Owing to the high toxicity of acrylonitrile, the suspension polymerization presents particular dangers. Another problem is the disposal of the acrylonitrile-containing wastewater.

It is an object of the present invention to prepare an expandable styrene polymer of high oil resistance by a safe and environmentally friendly process which does not give rise to toxic wastewaters.

We have found, surprisingly, that this object is achieved by preparing an expandable styrene polymer of high oil resistance from a mixture of polystyrene and a styrene-soluble styrene-acrylonitrile copolymer in a simple and safe manner by suspension polymerization in styrene.

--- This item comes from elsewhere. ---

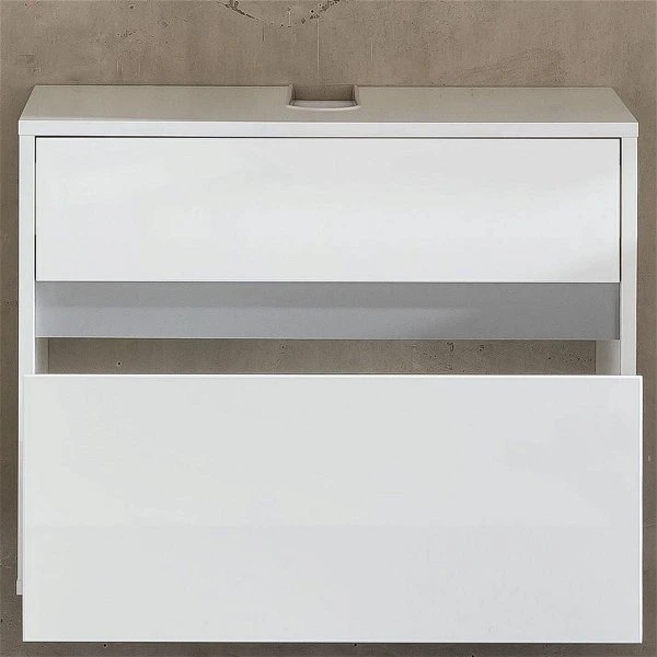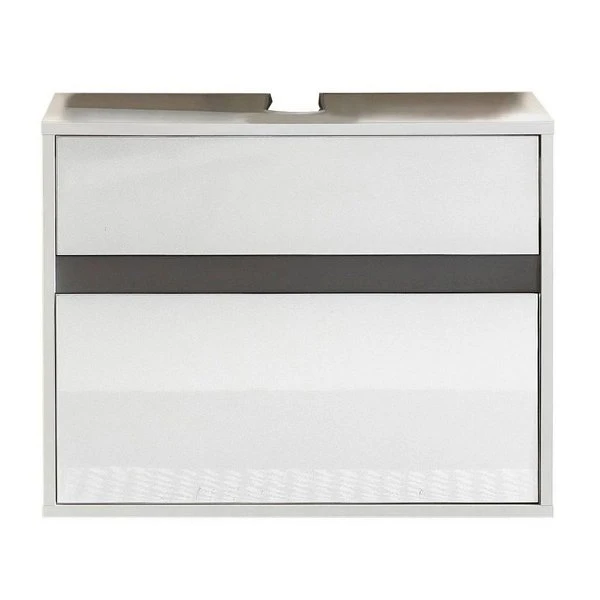 Der trendteam Sol Hänge-Waschbeckenunterschrank ist eine attraktive Lösung für jedes Badezimmer, in dem es noch an Aufbewahrungsmöglichkeiten fehlt in smarter nassraumgeeigneter Gestaltung. Die weiße Front- und Korpusgestaltung kombiniert mit der Absetzung aus Melamin schafft ein modernes Design, das sich harmonisch in den Raum integriert. Der Einsatz von Lack in Kombination mit Dekorfolie sorgt für eine extrem langlebige Oberfläche.

It was not foreseeable by the person skilled in the art that such a product would show oil resistance, since polystyrene, the main component, is not oil-resistant.

The present invention accordingly provides an expandable styrene polymer of high oil resistance, containing

(a) up to 83% by weight of polystyrene,

(b) from 17 to 50% by weight of a styrene-soluble styrene-acrylonitrile copolymer in which the level of acrylonitrile is not less than 5% by weight, based on the sum of (a) and (b),

(c) from 3 to 10% by weight, based on the sum of (a) and

(b), of a C.sub.3 -C.sub.6 -hydrocarbon as blowing agent, and optionally

(d) customary additives in effective amounts.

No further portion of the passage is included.